The contents of the IOC Memory Local Register 252 are then applied
to the Diagnostic Subcommand Generator 253 which, in turn, issues
subcommands causing activities in the Input/Output Controller Unit
200.
Referring next to FIG. 6b, the configuration for allowing one
portion of the data processing unit to control the actions of a
second portion of the data processing unit, according to the
preferred embodiments, is shown. When the Central Processing Unit
100 is in control (i.e. the CPU is in the master state), a
subcommand from the Diagnostic Subcommand Generator 154 activates
logic AND gate 149. When logic AND gate 149 is activated, the
contents of the CPU Control Store Diagnostic Local Register 153 are
applied to Control Bus 20 which, in turn, applied the signals to
the Diagnostic Subcommand Generator 253. Thus, instructions from
CPU Control Store 151 causes subcommands to be generated in the
Input/Output Control Store Unit 200. The subcommand cause the
apparatus in the IOC to be manipulated in a predetermined manner,
i.e. by the diagnostics and verification program. When the CPU 100
is in the master state, manipulation of the IOC apparatus by
instructions of the IOC Control Store via Register SKN 252 can be
required in the preferred embodiment. The access to the IOC
Diagnostic Subcommand Generator 253 from Register SKN is through
(Symbolic) logic AND gate 146. Logic AND gate 146 is enabled by the
absence of an IOC Master State signal from Generator 253 and by the
absence of signals from the Register RN 153 via Control Bus 20.

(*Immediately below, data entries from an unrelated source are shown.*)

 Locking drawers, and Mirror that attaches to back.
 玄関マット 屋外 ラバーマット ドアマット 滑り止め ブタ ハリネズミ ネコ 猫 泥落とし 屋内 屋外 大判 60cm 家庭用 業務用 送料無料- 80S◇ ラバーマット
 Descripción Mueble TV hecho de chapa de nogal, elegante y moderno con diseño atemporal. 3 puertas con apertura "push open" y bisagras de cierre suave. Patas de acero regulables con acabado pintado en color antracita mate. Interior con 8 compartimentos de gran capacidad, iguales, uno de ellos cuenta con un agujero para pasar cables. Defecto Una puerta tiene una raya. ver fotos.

Similarly, when the IOC 200 is controlling the activity of the CPU
(the IOC is in the master state), a subcommand from the Diagnostic
Subcommand Generator 253 is applied to logic AND gate 148. The
activation of logic AND gate 148 allows the contents of the IOC
Store Memory Local Register 252 to be applied to Control Bus 20.

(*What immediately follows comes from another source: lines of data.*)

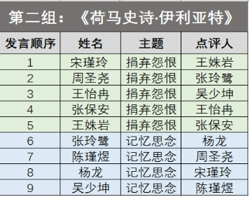 讨论课中能听到大家各自的思想是一个很神奇的过程。每个人对看到的同一本书阐述自己的不同思想,在这个过程中产生问题,这是自己一个人读书所远接触不到的。如果没有这门课程的话,我对《伊利亚特》可能就像看一本关于历史的书一样,只停留在了故事情节层面,进入不了它的思想中。
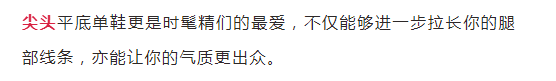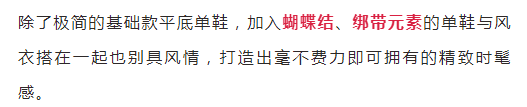 裸色平底鞋單鞋也是顯高顯腿長利器,它在顏色上與我們的膚色接近,能與小腿融為一體, 從而讓雙腿線條看起來更修長。
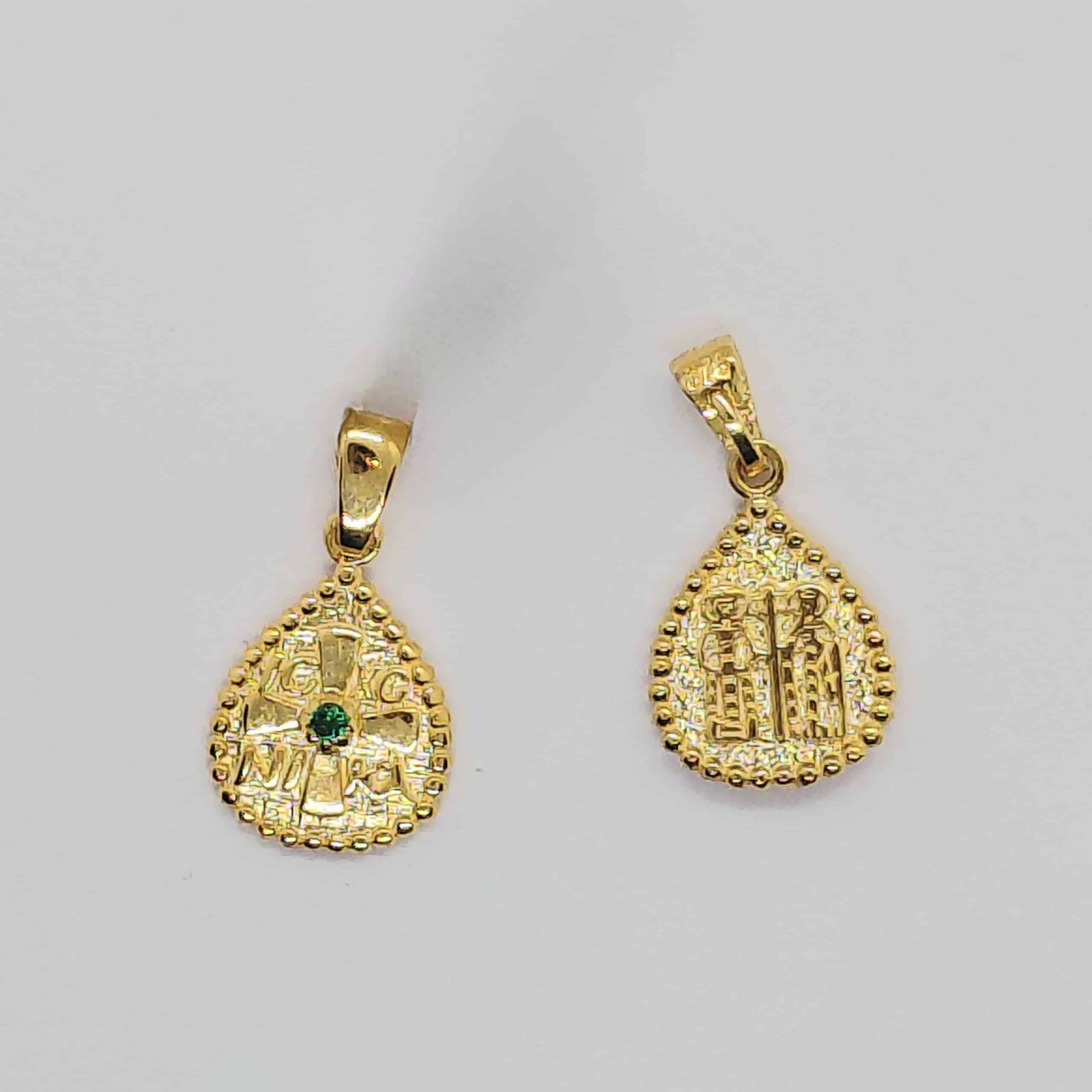 Ένα πολύ όμορφο κωνσταντινάτο από καθαρό χρυσό 9 καρατίων σε σχήμα σταγόνας με δυο όψεις και ημιπολύτιμη πέτρα ζιργκόν πράσινου χρώματος στο κέντρο. Ιδανικό δώρο για νεογέννητα!
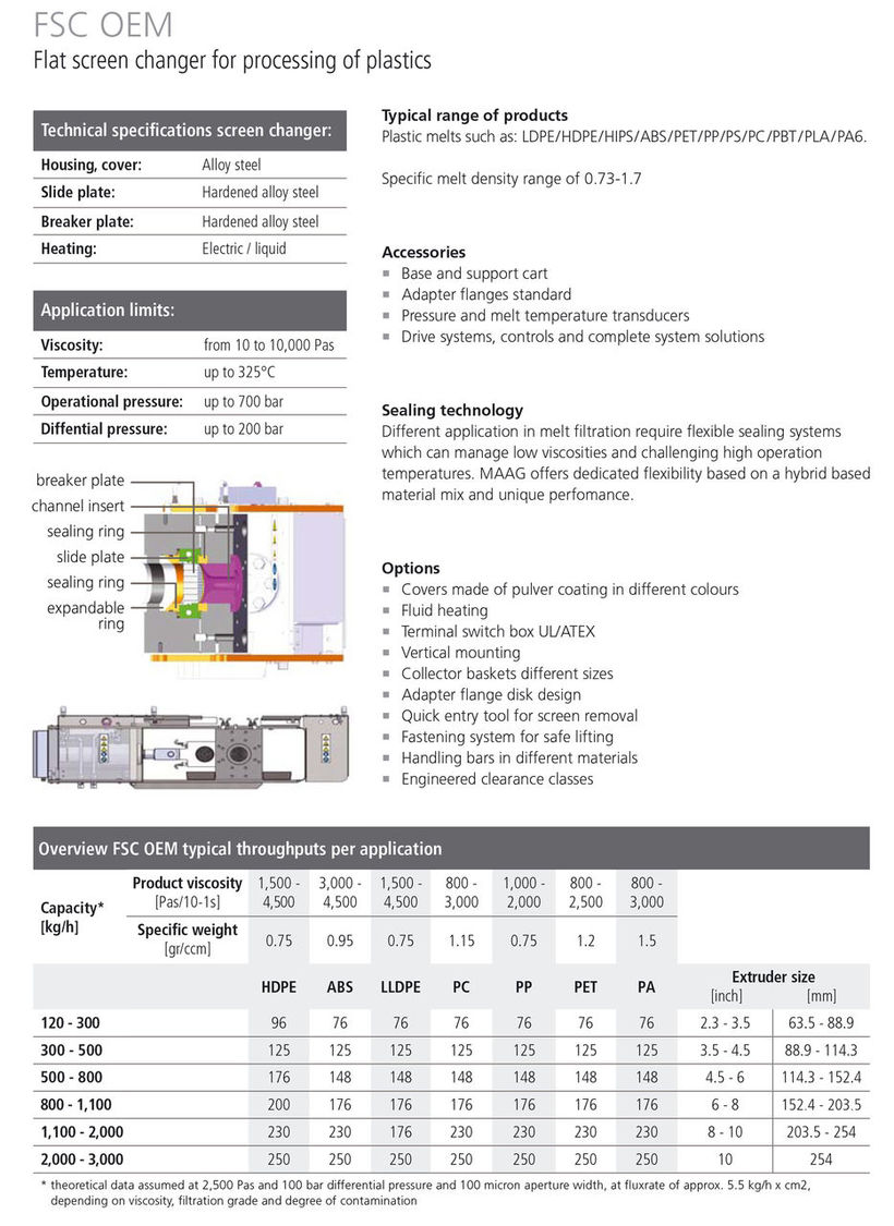 Nová verze hydraulických a ručních filtračních systémů od firmy MAAG.  FSC OEM je ultrakompaktní konstrukce nenáročná na údržbu a poskytuje přesný průtok i při vysokých tlacích. Ultra-krátké průtokové kanály snižují pokles tlaku, podporují rovnoměrnější teplotu produktu a umožňují této generaci filtrů pracovat tam, kde ostatní dosáhli svých limitů.

The data signals of Control Bus 20 are applied to the CPU
Diagnostic Subcommand Generator 154 which generates subcommands in
the CPU 100. These CPU subcommands are generated in response to
instructions in the IOC Control Store 251, but activate the
apparatus of the CPU in a predetermined manner. When the IOC 200 is
in the master state, manipulation of the CPU apparatus by the
instructions of the CPU Control Store via Register RN 153 can be
required. The access to the Diagnostic Subcommand Generator 154
from Register RN is through (symbolic) logic AND gate 147. Logic
AND gate 147 is enabled by the absence of a CPU Master State signal
from Generator 154 and by the absence of signals from Register SKN
via Control Bus 20.
Referring next to FIG. 6c, the configuration for allowing a
subsystem, in the master state, to exercise both the master
subsystem and simultaneously exercise the slave subsystem is shown.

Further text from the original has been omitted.